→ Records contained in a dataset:
--- START ---

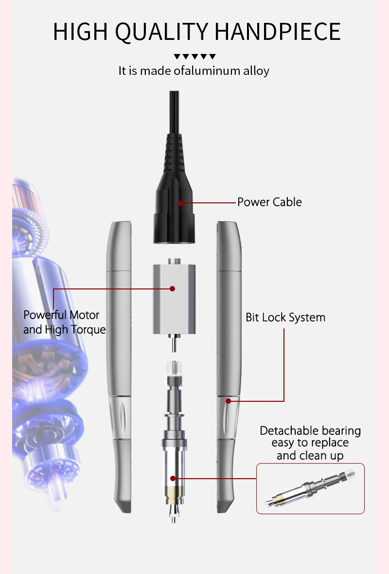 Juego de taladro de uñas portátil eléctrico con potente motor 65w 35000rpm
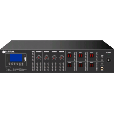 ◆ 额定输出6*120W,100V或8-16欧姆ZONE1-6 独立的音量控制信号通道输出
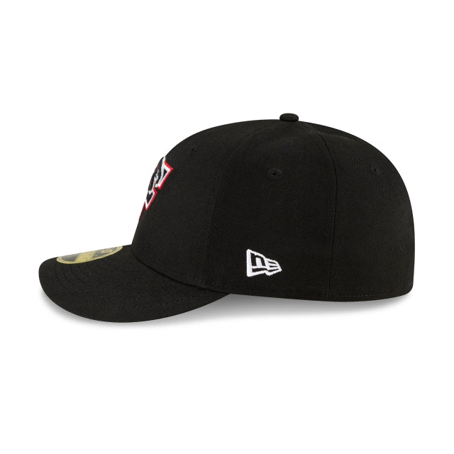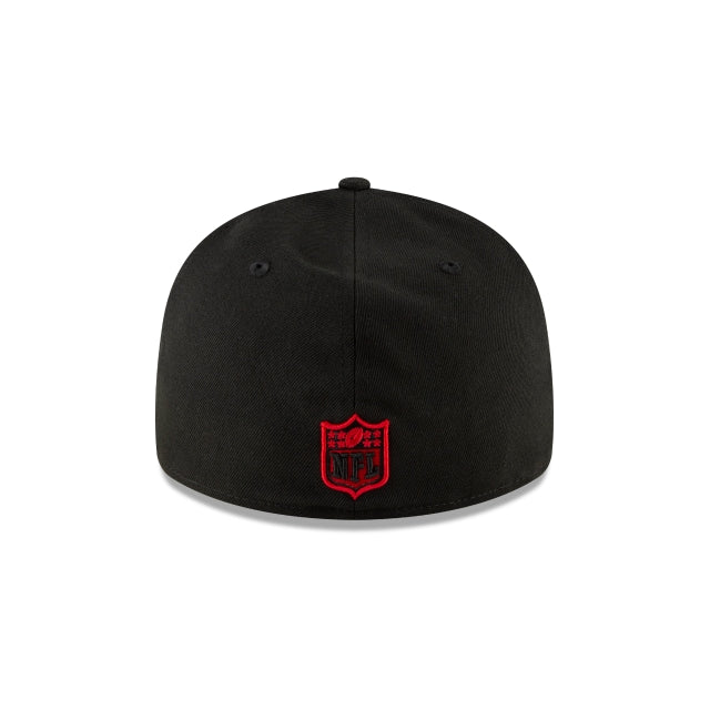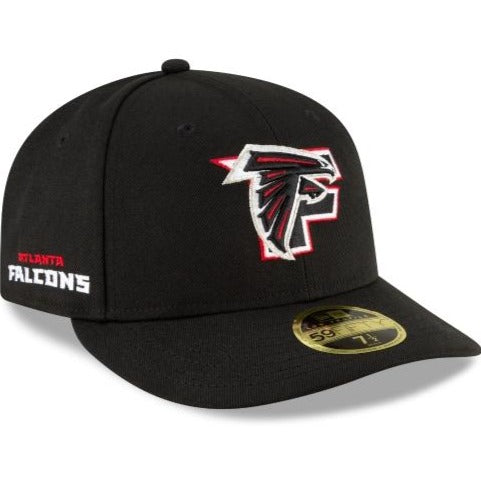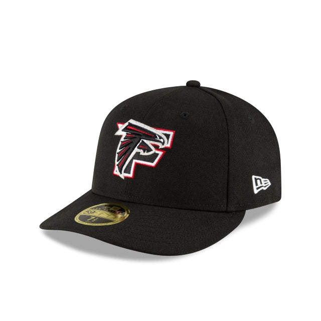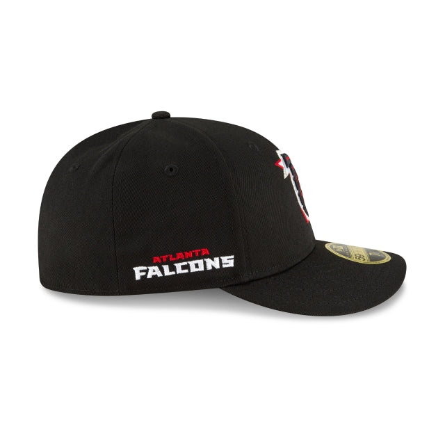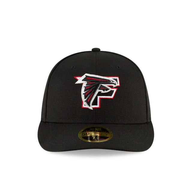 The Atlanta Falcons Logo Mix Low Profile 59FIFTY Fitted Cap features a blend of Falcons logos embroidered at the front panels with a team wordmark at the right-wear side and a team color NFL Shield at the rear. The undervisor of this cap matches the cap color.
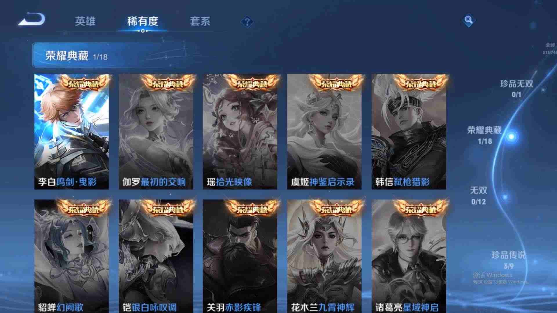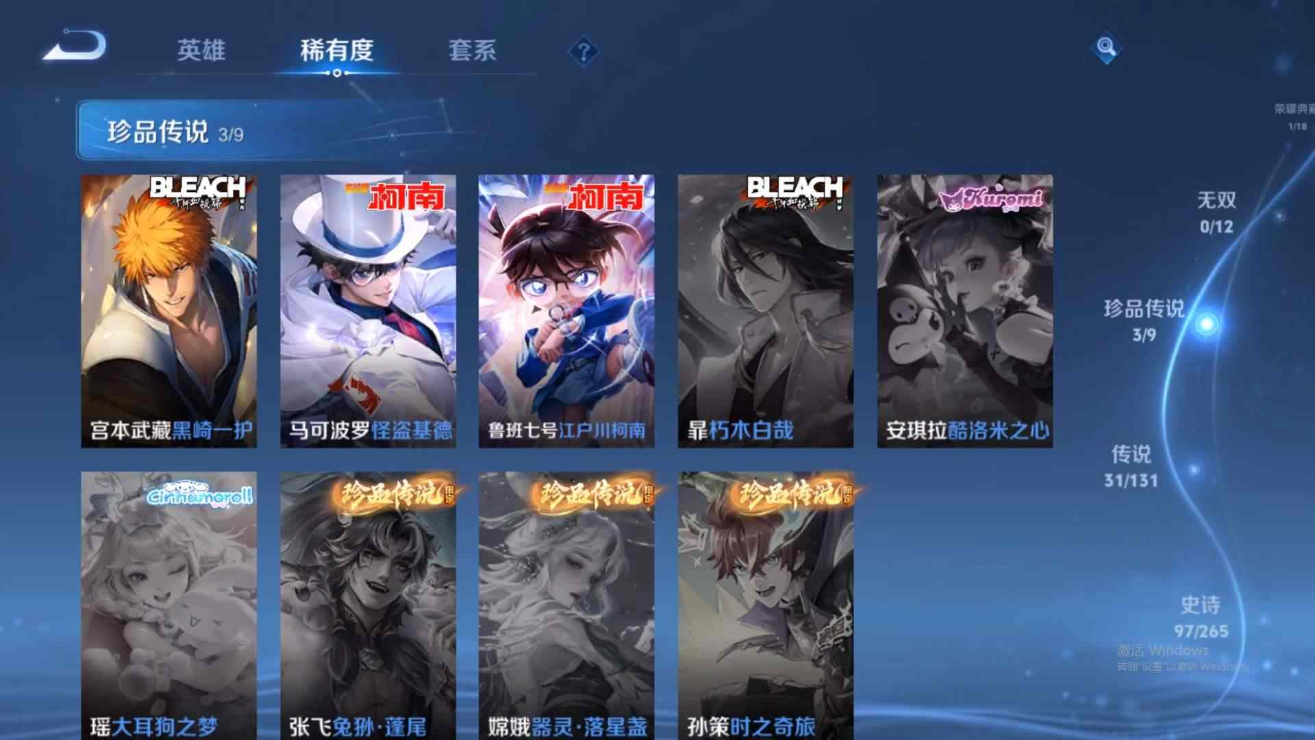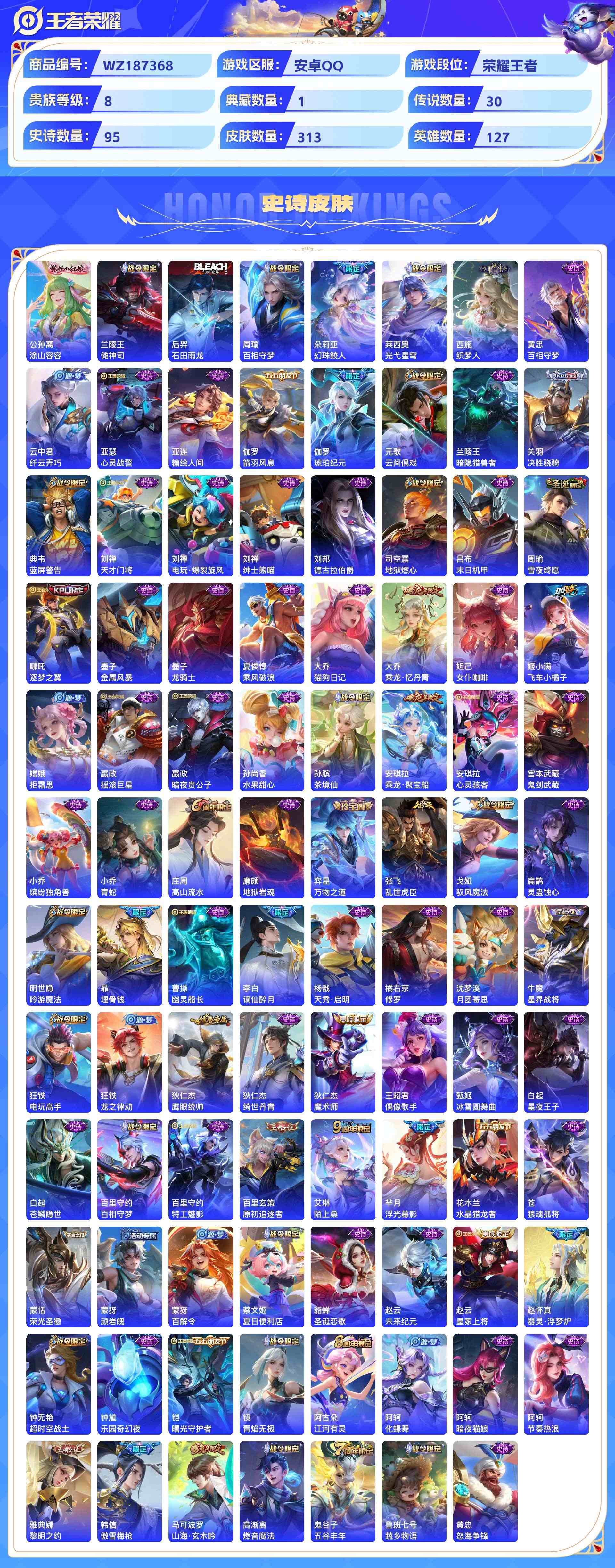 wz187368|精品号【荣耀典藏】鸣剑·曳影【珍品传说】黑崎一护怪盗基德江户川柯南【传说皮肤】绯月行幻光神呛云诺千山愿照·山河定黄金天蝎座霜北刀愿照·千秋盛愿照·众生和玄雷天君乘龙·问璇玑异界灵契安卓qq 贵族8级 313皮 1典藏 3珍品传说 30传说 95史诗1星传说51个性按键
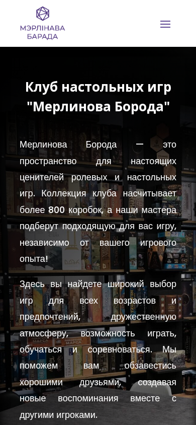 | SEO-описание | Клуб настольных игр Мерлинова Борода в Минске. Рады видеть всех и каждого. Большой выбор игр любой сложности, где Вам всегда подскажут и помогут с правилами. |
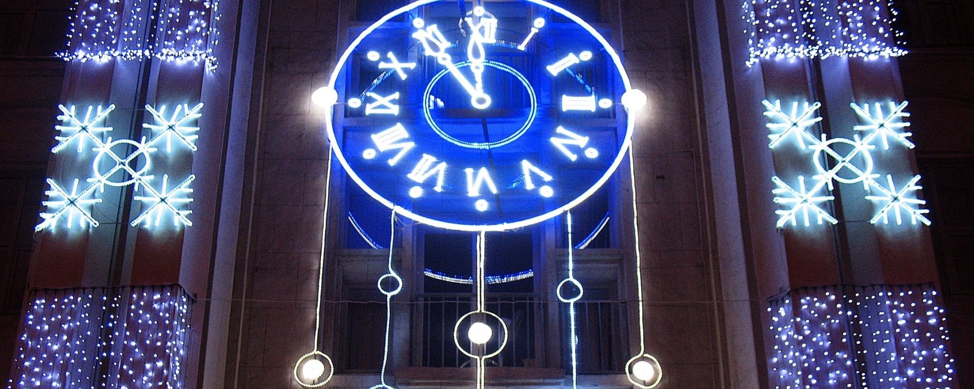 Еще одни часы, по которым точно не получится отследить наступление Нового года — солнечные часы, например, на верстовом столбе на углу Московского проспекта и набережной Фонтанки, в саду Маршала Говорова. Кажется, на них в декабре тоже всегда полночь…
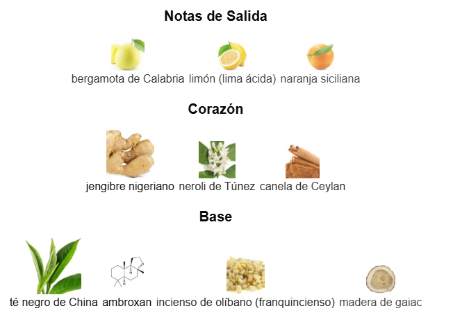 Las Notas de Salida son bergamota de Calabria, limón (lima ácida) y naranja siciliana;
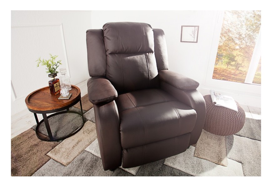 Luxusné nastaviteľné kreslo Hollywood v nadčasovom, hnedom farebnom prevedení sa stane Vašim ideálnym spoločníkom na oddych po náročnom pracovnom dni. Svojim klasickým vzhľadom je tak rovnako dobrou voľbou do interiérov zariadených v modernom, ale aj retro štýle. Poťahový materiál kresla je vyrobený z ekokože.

--- END ---

→ Work to complete:
Set down every record word for word and leave out the pictures.

→ Answer area:
 Juego de taladro de uñas portátil eléctrico con potente motor 65w 35000rpm
 ◆ 额定输出6*120W,100V或8-16欧姆ZONE1-6 独立的音量控制信号通道输出
 The Atlanta Falcons Logo Mix Low Profile 59FIFTY Fitted Cap features a blend of Falcons logos embroidered at the front panels with a team wordmark at the right-wear side and a team color NFL Shield at the rear. The undervisor of this cap matches the cap color.
 wz187368|精品号【荣耀典藏】鸣剑·曳影【珍品传说】黑崎一护怪盗基德江户川柯南【传说皮肤】绯月行幻光神呛云诺千山愿照·山河定黄金天蝎座霜北刀愿照·千秋盛愿照·众生和玄雷天君乘龙·问璇玑异界灵契安卓qq 贵族8级 313皮 1典藏 3珍品传说 30传说 95史诗1星传说51个性按键
 | SEO-описание | Клуб настольных игр Мерлинова Борода в Минске. Рады видеть всех и каждого. Большой выбор игр любой сложности, где Вам всегда подскажут и помогут с правилами. |
 Еще одни часы, по которым точно не получится отследить наступление Нового года — солнечные часы, например, на верстовом столбе на углу Московского проспекта и набережной Фонтанки, в саду Маршала Говорова. Кажется, на них в декабре тоже всегда полночь…
 Las Notas de Salida son bergamota de Calabria, limón (lima ácida) y naranja siciliana;
 Luxusné nastaviteľné kreslo Hollywood v nadčasovom, hnedom farebnom prevedení sa stane Vašim ideálnym spoločníkom na oddych po náročnom pracovnom dni. Svojim klasickým vzhľadom je tak rovnako dobrou voľbou do interiérov zariadených v modernom, ale aj retro štýle. Poťahový materiál kresla je vyrobený z ekokože.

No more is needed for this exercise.